Monday, July 18, 2011

Reuben Brad Style*

I have been making Reubens for a very long time, since high school I think, I do know that is the first place I remember eating one. If you have never eaten one, I suggest that you at least try it once.


  • 1 Corned Beef Roast, cooked and sliced about 1/8 inch thick
  • Sauerkraut, prepared or from a can
  • Swiss cheese (I prefer baby Swiss)
  • Rye Bread
  • Thousand Island dressing (Miracle Whip if you don't like Thousand Island)
  • Butter or Margarine


  1. Butter one side of two slices of bread and then stack it so that the buttered sides are towards each other, pour about 1 TBSP of the dressing on the top slice of bread (unbuttered side) and spread it evenly.
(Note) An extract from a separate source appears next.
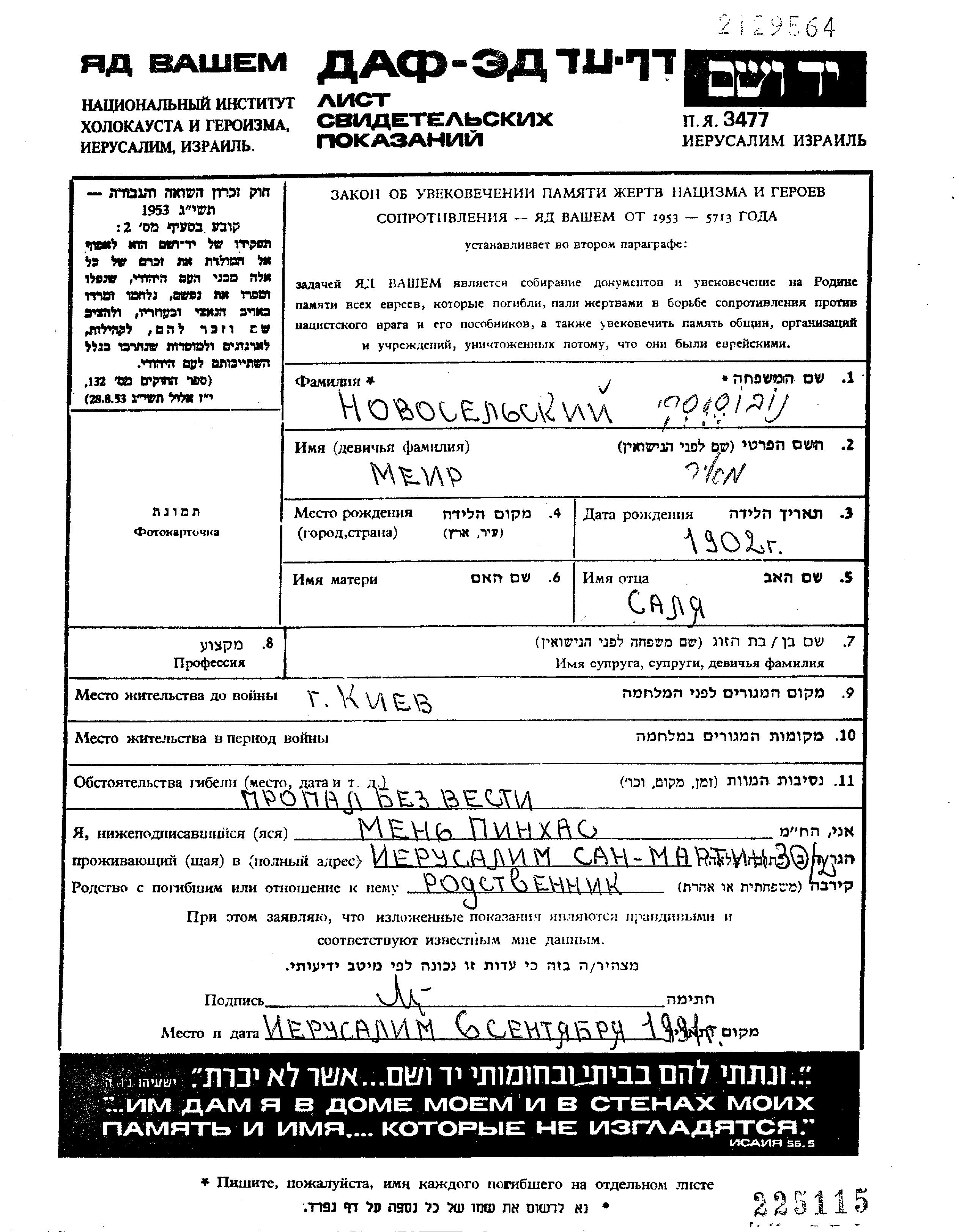 Novoselski Meir 1902 Kiyev, Ukraine (URSS) Feuille de témoignage

  2. Add enough thinly sliced Swiss to cover the bread on top of this.

  3. Add on about 3 -4 TBSP of sauerkraut and arrange it evenly so that it is level and uniform across the sandwich.
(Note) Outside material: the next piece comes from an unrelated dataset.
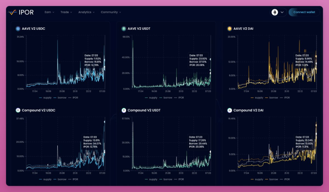 据 IPOR 指数显示,Aave V2 上的 USDT 借贷利率在短短一年内从 1% -2% 飙升至 37% 左右。这表明,链上交易者整体看涨,不断地借入稳定币来购买其他币种,或者参与链上收益活动。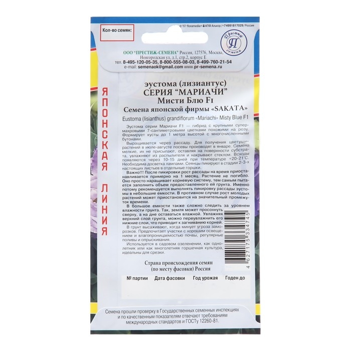 Семена цветов Эустома "Мариачи Мисти Блю", F1, драже, 3шт

  4. To this add enough corned beef to cover your sandwich (the number of slices will vary depending on the size of roast you have cooked), cover with more Swiss cheese.

  5. Here is the tricky part, take the bottom piece of bread, and turn it over onto the top of the sandwich so that the buttered side is facing out. Set the pile on a griddle or pan.

  6. Toast both sides, and its ready to serve.